# Randy Bachman Documentary



## Robert1950 (Jan 21, 2006)

Watched this the other day on the Documentary Channel. Interesting. Not your average rock musician. Except for his massive gear acquisition syndrome.

Bachman


----------



## cwittler (May 17, 2011)

Regarding his GAS, curious about the brief sequence where he reveals a pixelated SRV Strat that would apparently "land him jail" if he showed it to us all. Any guesses as to what that might be?


----------



## ezcomes (Jul 28, 2008)

nice...wonder where I can find it to stream it?


----------



## Robert1950 (Jan 21, 2006)

ezcomes said:


> nice...wonder where I can find it to stream it?


This might be helpful ... Where can I watch CBC TV content online?


----------



## sulphur (Jun 2, 2011)

Buy his house!


----------



## ezcomes (Jul 28, 2008)

Wow!
Until the end, i was thinking there was no way that was in canada...
Must've already moved out too...


----------



## jayoldschool (Sep 12, 2013)

Just finishing it now. I wish they would have gone into a little more detail about his departure from The Guess Who. That guitar storage place... wow!

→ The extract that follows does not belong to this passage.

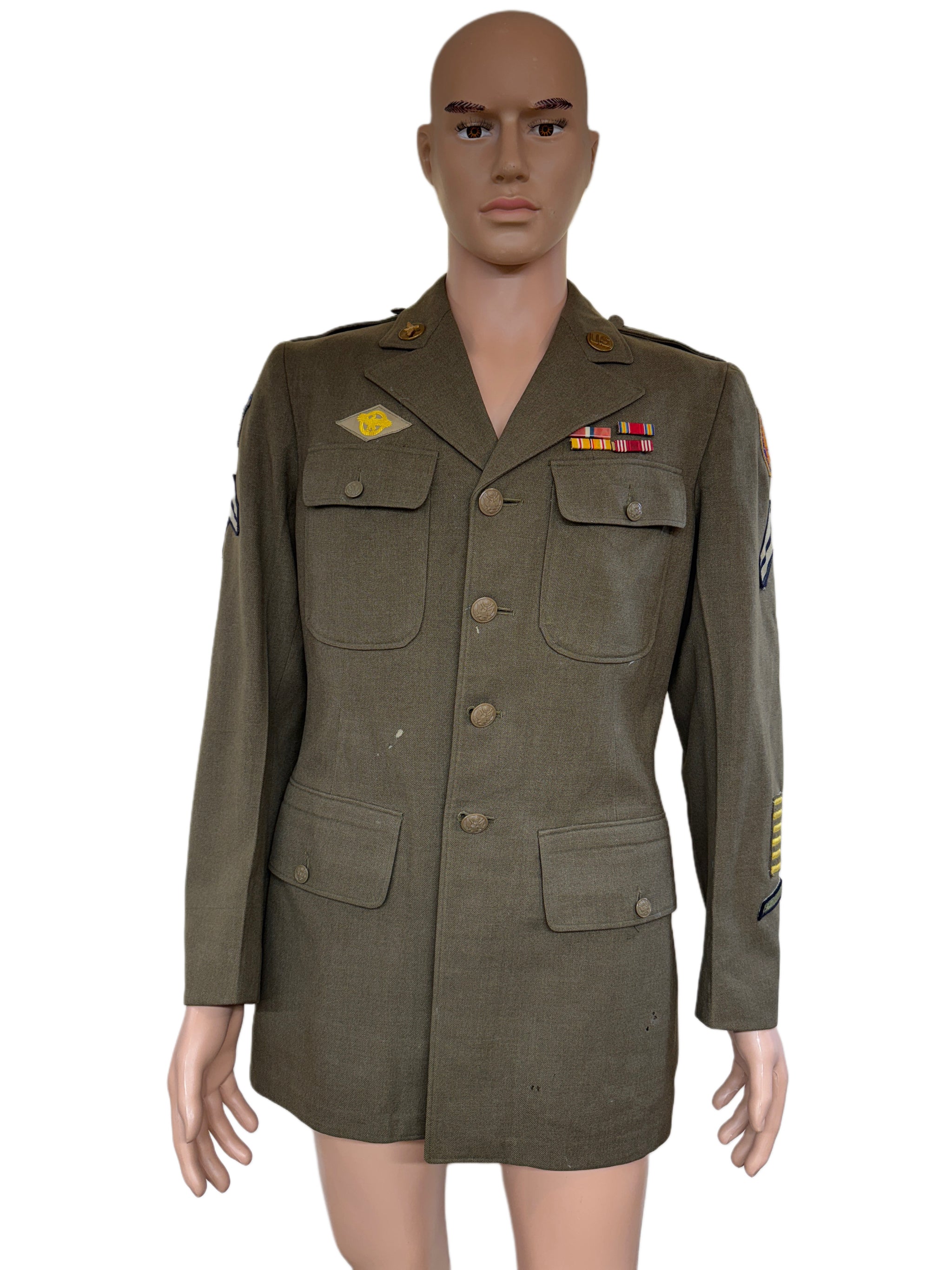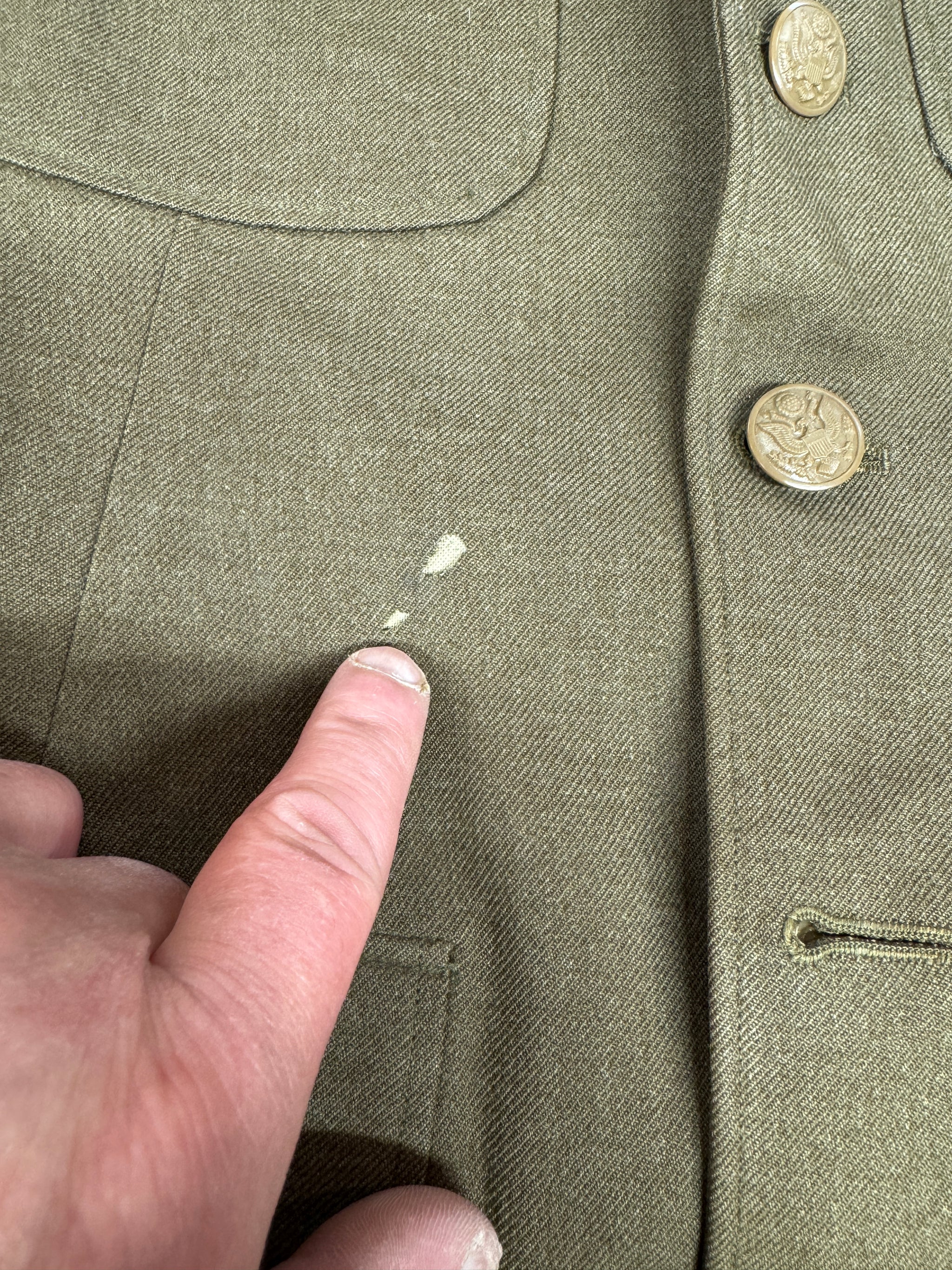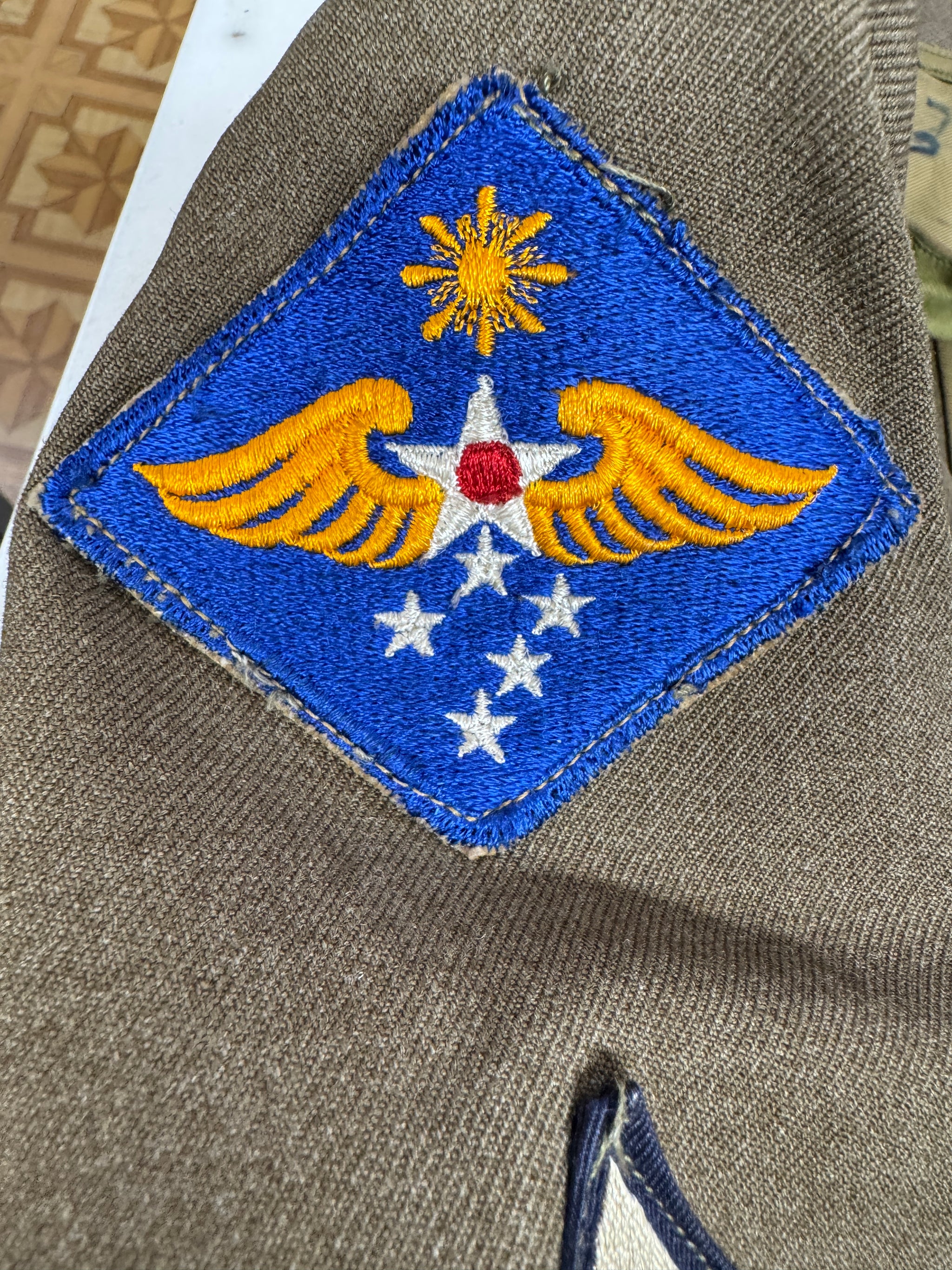 It is size 38Long It has a Service Stripes patch on the left cuff. There is a "US" collar disk, and an Air Corps collar...

Also, on a somewhat sad note... he has really aged quickly in the last decade. Looking at the footage and photos from gigs from 2007-2010, time is marching on, quickly. Same for all of us, I suppose. I'm happy that he is still passionate about what he loves to do, and keeps it up for a long time.


----------



## BSTheTech (Sep 30, 2015)

Heard a funny BTO story the other day. My guitar teacher played briefly with Randy’s brother. He tells a story about when they were in the studio in Seattle (of all places) recording “Taking Care of Business”. They were struggling and someone ordered pizza. Mysterious pizza guy shows up, hears the tune and offers to help. Bangs out a piano piece then splits. That original piano piece is the one that’s on the record. Song goes on to be a million seller and they need to pay the guy but have no idea who he was, or even remember where they got the pizza from. They eventually have to hire a PI to track the guy down. He uses his first royalty cheque to buy a house in Seattle. He went on to some acclaim of his own, heading up the LA orchestra or something...


----------



## greco (Jul 15, 2007)

BSTheTech said:


> They eventually have to hire a PI to track the guy down. He uses his first royalty cheque to buy a house in Seattle. He went on to some acclaim of his own, heading up the LA orchestra or something...

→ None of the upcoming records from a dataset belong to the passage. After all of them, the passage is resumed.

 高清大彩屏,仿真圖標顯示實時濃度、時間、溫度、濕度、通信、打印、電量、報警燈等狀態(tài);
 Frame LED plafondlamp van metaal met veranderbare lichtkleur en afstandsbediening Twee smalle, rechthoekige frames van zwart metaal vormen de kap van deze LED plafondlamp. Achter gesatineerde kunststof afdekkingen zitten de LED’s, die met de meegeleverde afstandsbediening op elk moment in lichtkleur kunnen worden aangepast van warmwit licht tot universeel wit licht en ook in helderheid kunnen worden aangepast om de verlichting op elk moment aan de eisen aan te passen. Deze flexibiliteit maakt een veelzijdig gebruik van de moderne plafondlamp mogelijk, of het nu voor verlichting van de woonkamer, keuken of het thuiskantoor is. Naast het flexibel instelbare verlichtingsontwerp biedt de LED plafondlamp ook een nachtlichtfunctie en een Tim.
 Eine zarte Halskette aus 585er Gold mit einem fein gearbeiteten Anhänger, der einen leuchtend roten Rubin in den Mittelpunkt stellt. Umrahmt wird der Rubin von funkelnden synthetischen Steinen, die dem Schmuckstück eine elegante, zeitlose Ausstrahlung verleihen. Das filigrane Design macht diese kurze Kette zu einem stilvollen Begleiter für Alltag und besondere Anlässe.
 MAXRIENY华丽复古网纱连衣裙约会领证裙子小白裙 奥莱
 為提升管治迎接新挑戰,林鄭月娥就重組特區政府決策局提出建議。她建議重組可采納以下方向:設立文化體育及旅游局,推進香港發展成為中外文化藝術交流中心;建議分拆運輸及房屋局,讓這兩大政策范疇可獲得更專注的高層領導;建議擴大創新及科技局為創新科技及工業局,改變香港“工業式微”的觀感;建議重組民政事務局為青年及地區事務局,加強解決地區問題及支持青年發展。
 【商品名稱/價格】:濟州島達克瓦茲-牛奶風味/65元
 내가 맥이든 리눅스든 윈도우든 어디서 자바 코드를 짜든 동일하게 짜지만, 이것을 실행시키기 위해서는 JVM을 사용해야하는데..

I read the same story but it was incomplete. Great to know that this is how it ended.


----------



## rollingdam (May 11, 2006)

I liked Neil Young's comment the best -the Guess Who fired Randy Bachman... how could they as Randy Bachman was the Guess Who.


----------



## Mooh (Mar 7, 2007)

BSTheTech said:


> Heard a funny BTO story the other day. My guitar teacher played briefly with Randy’s brother. He tells a story about when they were in the studio in Seattle (of all places) recording “Taking Care of Business”. They were struggling and someone ordered pizza. Mysterious pizza guy shows up, hears the tune and offers to help. Bangs out a piano piece then splits. That original piano piece is the one that’s on the record. Song goes on to be a million seller and they need to pay the guy but have no idea who he was, or even remember where they got the pizza from. They eventually have to hire a PI to track the guy down. He uses his first royalty cheque to buy a house in Seattle. He went on to some acclaim of his own, heading up the LA orchestra or something...

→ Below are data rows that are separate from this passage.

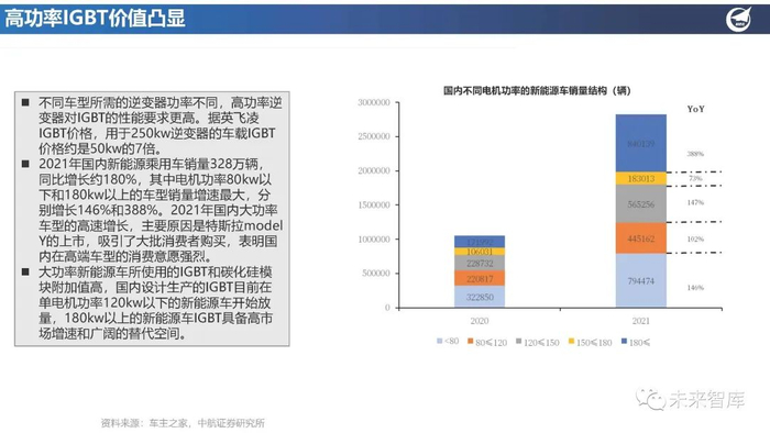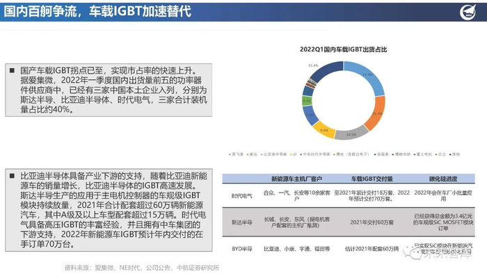 比亚迪半导体具备产业下游的支持,随着比亚迪新能 源车的销量增长,比亚迪半导体的IGBT高速发展。斯达半导生产的应用于主电机控制器的车规级IGBT 模块持续放量,2021年合计配套超过60万辆新能源 汽车,其中A级及以上车型配套超过15万辆。时代电 气具备高压IGBT的丰富经验,并且拥有中车集团的 下游支持,2022年新能源车IGBT预计年内交付的在 手订单70万台。
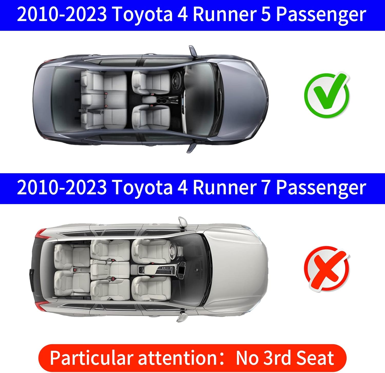 - Fitment: Backrest mats are suitable for 5 Seat Toyota 4 Runner 2010-2024.NOTE:Only fit 5 Seat Toyota 4 Runner,No 3rd seat and No Sliding Cargo Deck,not suitable for 7 seats.
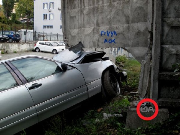 Через несколько сотен метров машина без видимых причин потеряла управление и ушла вправо, где врезалась в бетонный забор.

Not quite, according to Wikipedia and others.

Takin' Care of Business (song) - Wikipedia

Pianist, composer Norman Durkee ‘changed everybody he touched’

https://www.snopes.com/fact-check/pizano-man/


----------



## BSTheTech (Sep 30, 2015)

“mischievously propagated by band members”


----------



## ezcomes (Jul 28, 2008)

You can watch it on the website now

Bachman


----------